▸ **What to produce**
For each entry, repeat the text exactly and omit any picture it holds.

▸ **Data extracts**

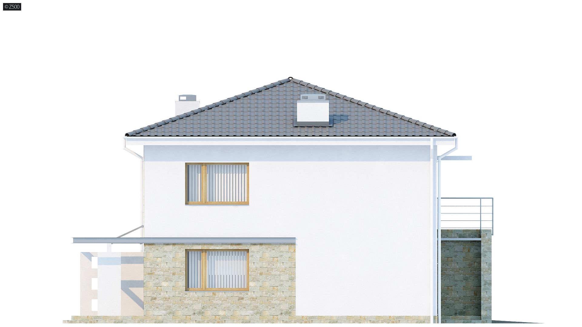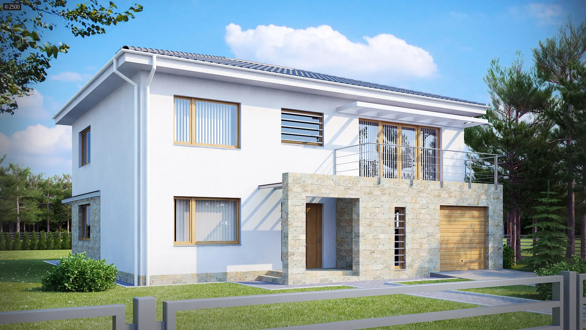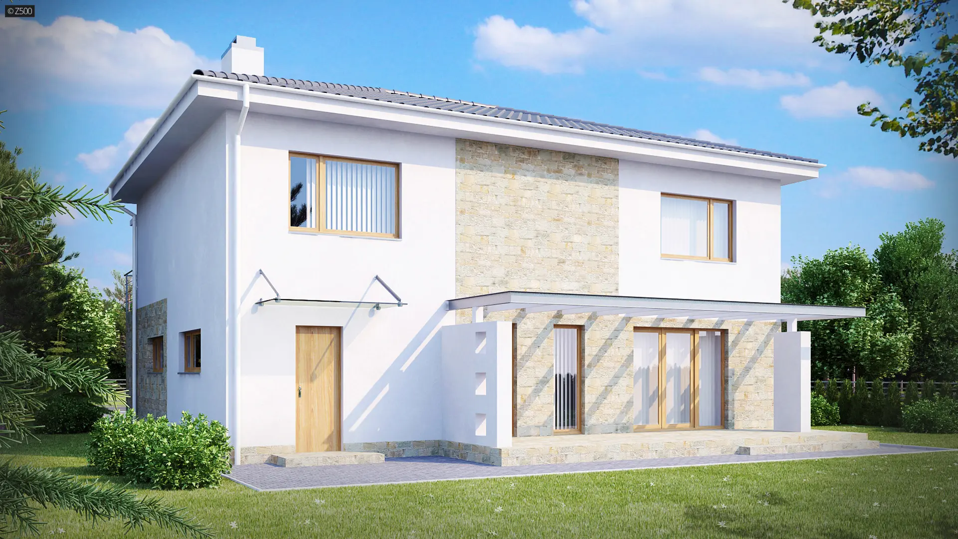 Projekt ZX4 to propozycja dla osób ceniących sobie nowoczesne wzorce. Prosta, foremna bryła budynku wzbogacona została elementami kamienia, stali i ciepłego drewna.
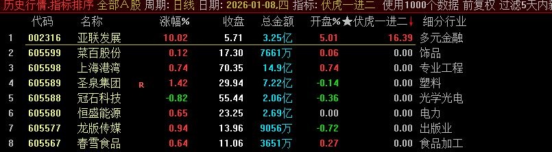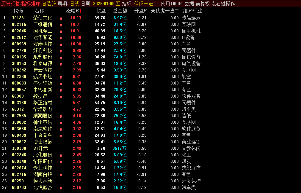 通达信【伏虎一进二】早盘竞价排序 9:25后信号锁定专注于首板晋级二板策略源码
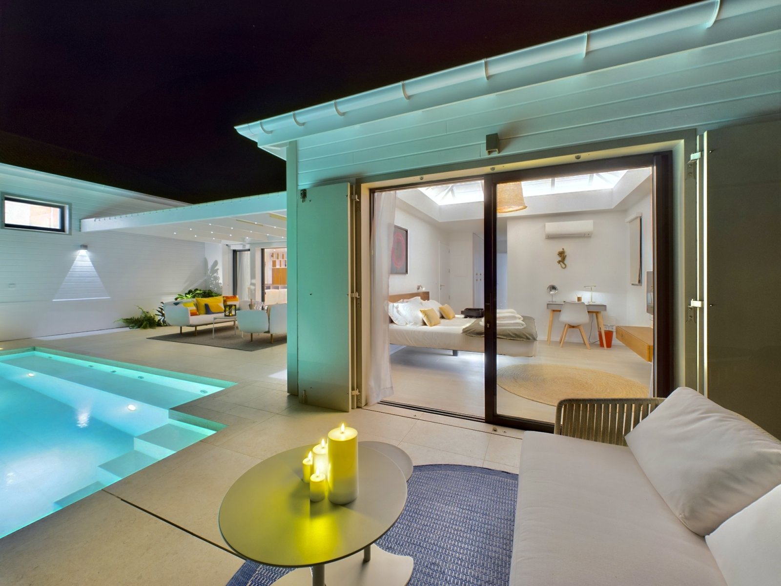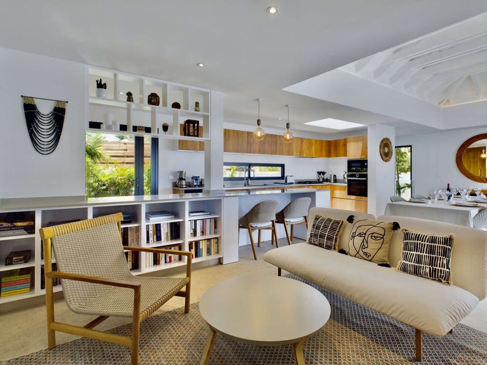Guests arrive at the house by way of the garden, and then they enter the large open-plan living room on the main floor of the villa. This space blends seamlessly into the fully equipped kitchen and onto the terrace, which has covered and sunny areas, as well as a heated infinity pool. While the villa’s architecture and design are understated, its views of the lagoon and the ocean are impressive.
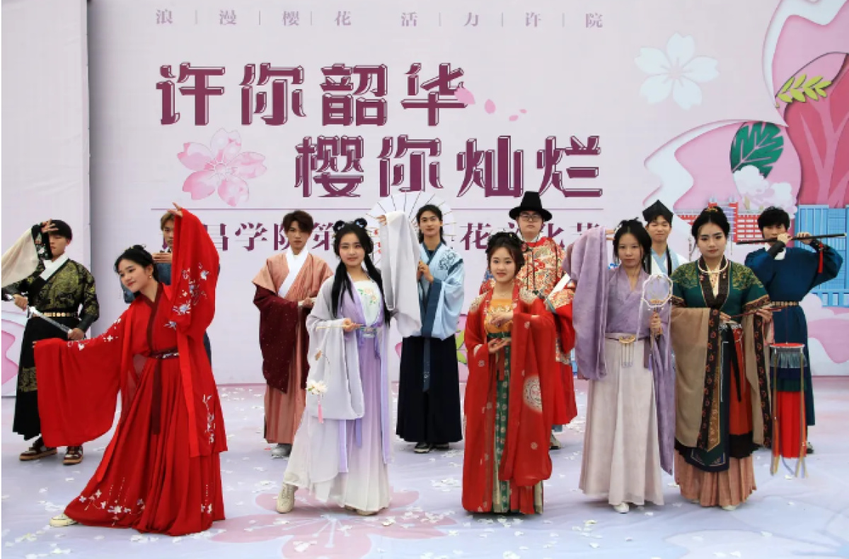 3月20日,bet36体育在线内,在一对舞狮表演中,“许你韶华,樱你灿烂”bet36体育在线第六届樱花文化节正式拉开帷幕,同学们通过舞蹈表演、汉服走秀、古风歌舞、茶艺表演、彩绘樱花妆容等形式,表达自己对于樱花节开幕的喜悦,其中樱花节共包含“樱花树下”——沉浸式思政课堂美育课程展示等四大类18项丰富多彩的文化活动。
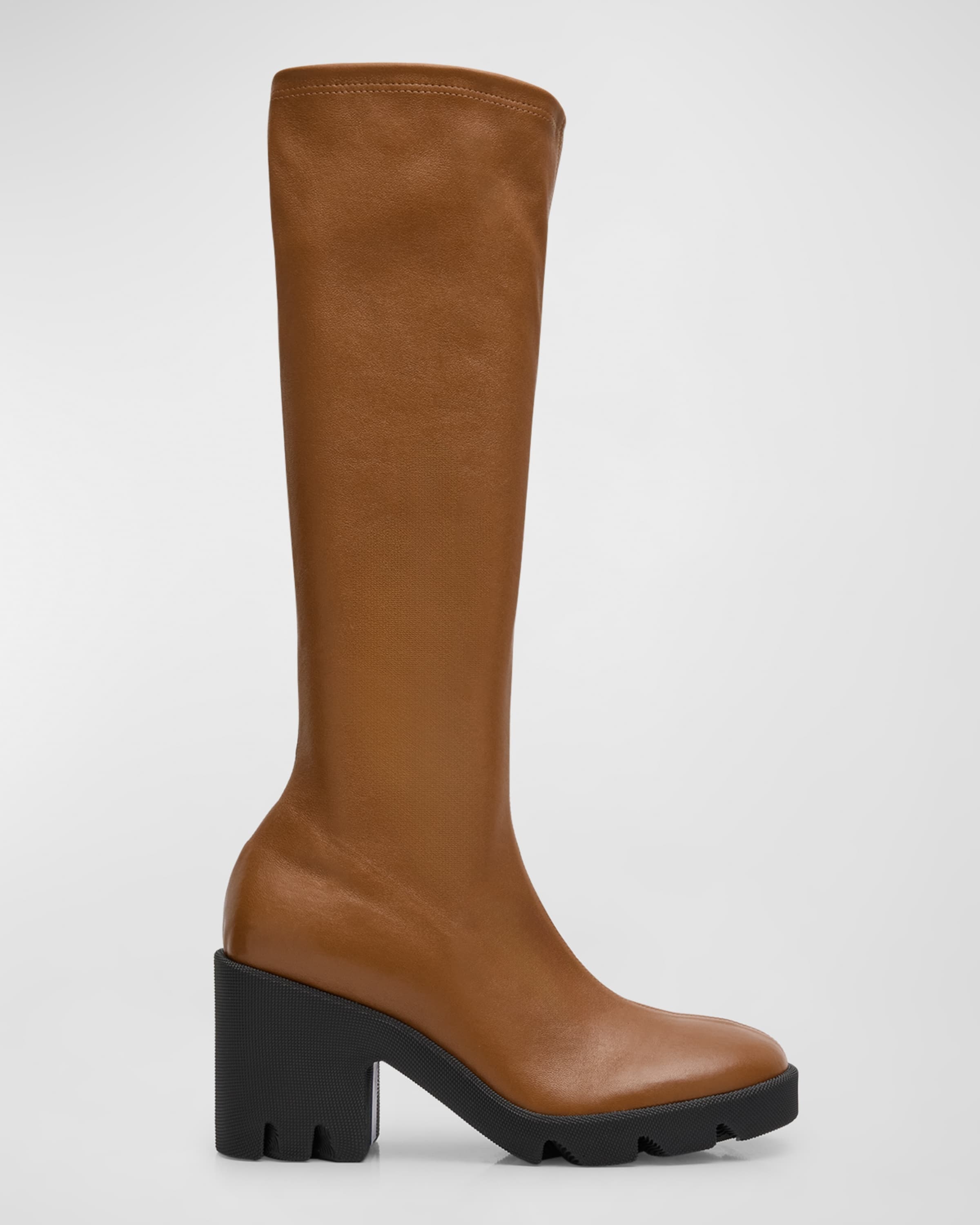 - Burberry "Stride" stretch leather tall boots - 2.50 in / 65 mm chunky block heel - Round toe - Side zip eases dress - Lugged rubber sole - Made in Italy Online Inquiries: NMS21_X6MM3 Store Inquiries: #4829667
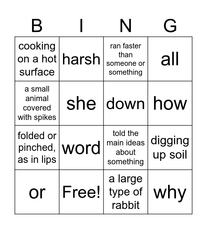 This bingo card has 16 words: Free!, digging up soil, ran faster than someone or something, cooking on a hot surface, folded or pinched, as in lips, harsh, told the main ideas about something, a large type of rabbit, a small animal covered with spikes, she, or, all, word, how, down and why.
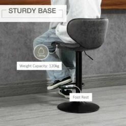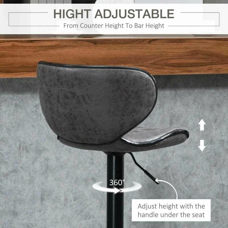 HOMCOM 2 Piece Height Adjustable Bar Stools With Swivel Seats & Footrests – Dark Grey/Black – 835-356V71CG
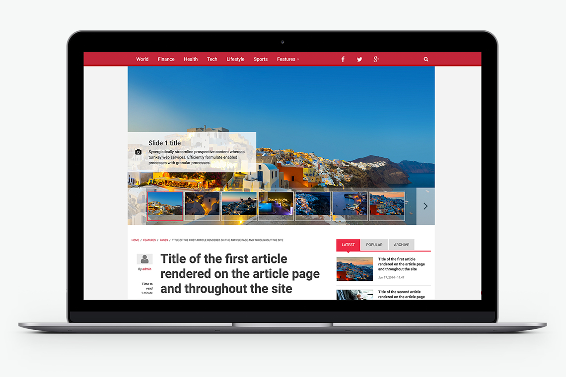 Enjoy special features only the world’s best news & article publishing sites have: Time to read, Reading progress, Print article, Font resize and accessibility buttons and, of course social media Sharing.
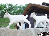 | 名前も決まり、より元気さが増したようにも見える「つかさ」と「つばさ」。 そんな2人を見つめている1人の男がいました。その男とは、最近入った新人AD。 初めて見る仔ヤギたちのあまりの可愛らしさに思わず見とれてしまったらしく、 小さく横に振るしっぽ、クリッとした大きな目、空に浮かぶ雲のように真っ白な体… 「カ、カワイイなぁ〜」 「ハウッ!!」 痛みに這いずり回るADの回りで、「八木橋にも父親らしいところがあったんだなぁ」と微笑ましくTOKIOとスタッフが眺めていたそうです… |
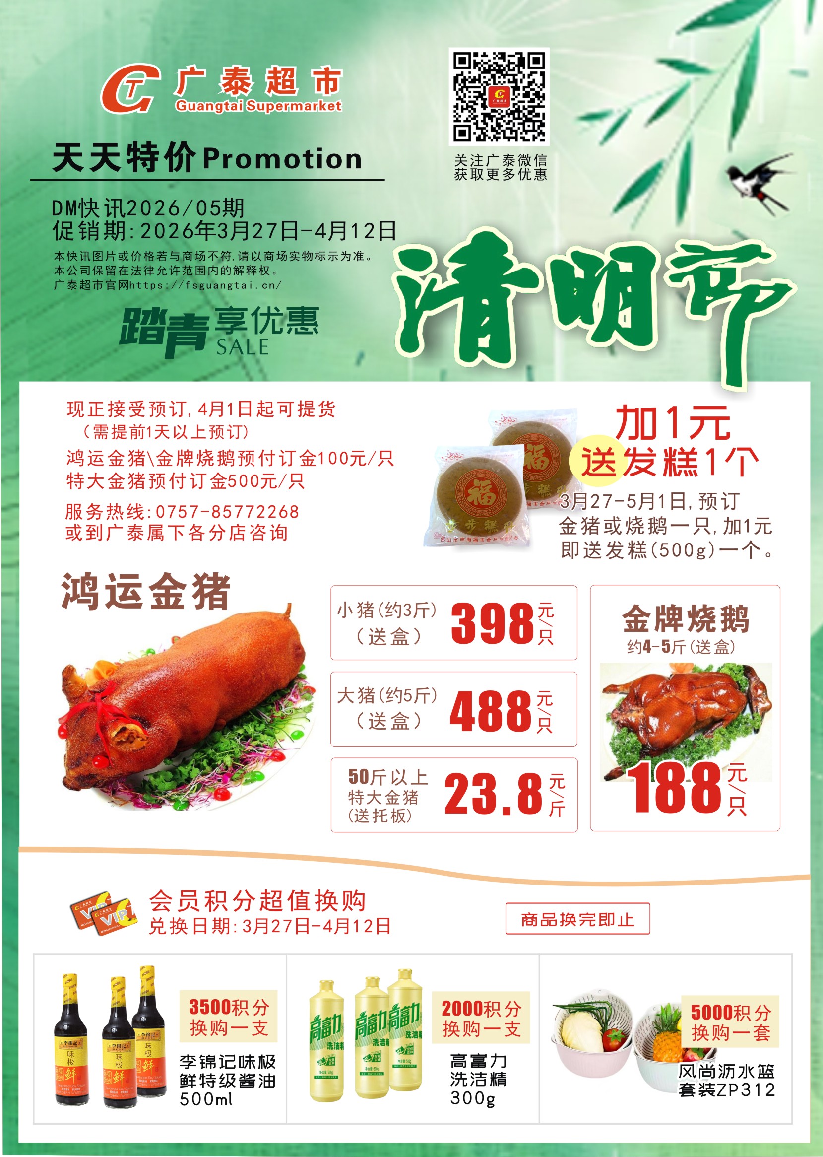 广泰超市|清明祭祖必备,鸿运烧猪 金牌烧鹅火热预订中!3月27日-5月1日预订加一元送发糕一个!

▸ **Written response**
 Projekt ZX4 to propozycja dla osób ceniących sobie nowoczesne wzorce. Prosta, foremna bryła budynku wzbogacona została elementami kamienia, stali i ciepłego drewna.
 通达信【伏虎一进二】早盘竞价排序 9:25后信号锁定专注于首板晋级二板策略源码
Guests arrive at the house by way of the garden, and then they enter the large open-plan living room on the main floor of the villa. This space blends seamlessly into the fully equipped kitchen and onto the terrace, which has covered and sunny areas, as well as a heated infinity pool. While the villa’s architecture and design are understated, its views of the lagoon and the ocean are impressive.
 3月20日,bet36体育在线内,在一对舞狮表演中,“许你韶华,樱你灿烂”bet36体育在线第六届樱花文化节正式拉开帷幕,同学们通过舞蹈表演、汉服走秀、古风歌舞、茶艺表演、彩绘樱花妆容等形式,表达自己对于樱花节开幕的喜悦,其中樱花节共包含“樱花树下”——沉浸式思政课堂美育课程展示等四大类18项丰富多彩的文化活动。
 - Burberry "Stride" stretch leather tall boots - 2.50 in / 65 mm chunky block heel - Round toe - Side zip eases dress - Lugged rubber sole - Made in Italy Online Inquiries: NMS21_X6MM3 Store Inquiries: #4829667
 This bingo card has 16 words: Free!, digging up soil, ran faster than someone or something, cooking on a hot surface, folded or pinched, as in lips, harsh, told the main ideas about something, a large type of rabbit, a small animal covered with spikes, she, or, all, word, how, down and why.
 HOMCOM 2 Piece Height Adjustable Bar Stools With Swivel Seats & Footrests – Dark Grey/Black – 835-356V71CG
 Enjoy special features only the world’s best news & article publishing sites have: Time to read, Reading progress, Print article, Font resize and accessibility buttons and, of course social media Sharing.
 | 名前も決まり、より元気さが増したようにも見える「つかさ」と「つばさ」。 そんな2人を見つめている1人の男がいました。その男とは、最近入った新人AD。 初めて見る仔ヤギたちのあまりの可愛らしさに思わず見とれてしまったらしく、 小さく横に振るしっぽ、クリッとした大きな目、空に浮かぶ雲のように真っ白な体… 「カ、カワイイなぁ〜」 「ハウッ!!」 痛みに這いずり回るADの回りで、「八木橋にも父親らしいところがあったんだなぁ」と微笑ましくTOKIOとスタッフが眺めていたそうです… |
 广泰超市|清明祭祖必备,鸿运烧猪 金牌烧鹅火热预订中!3月27日-5月1日预订加一元送发糕一个!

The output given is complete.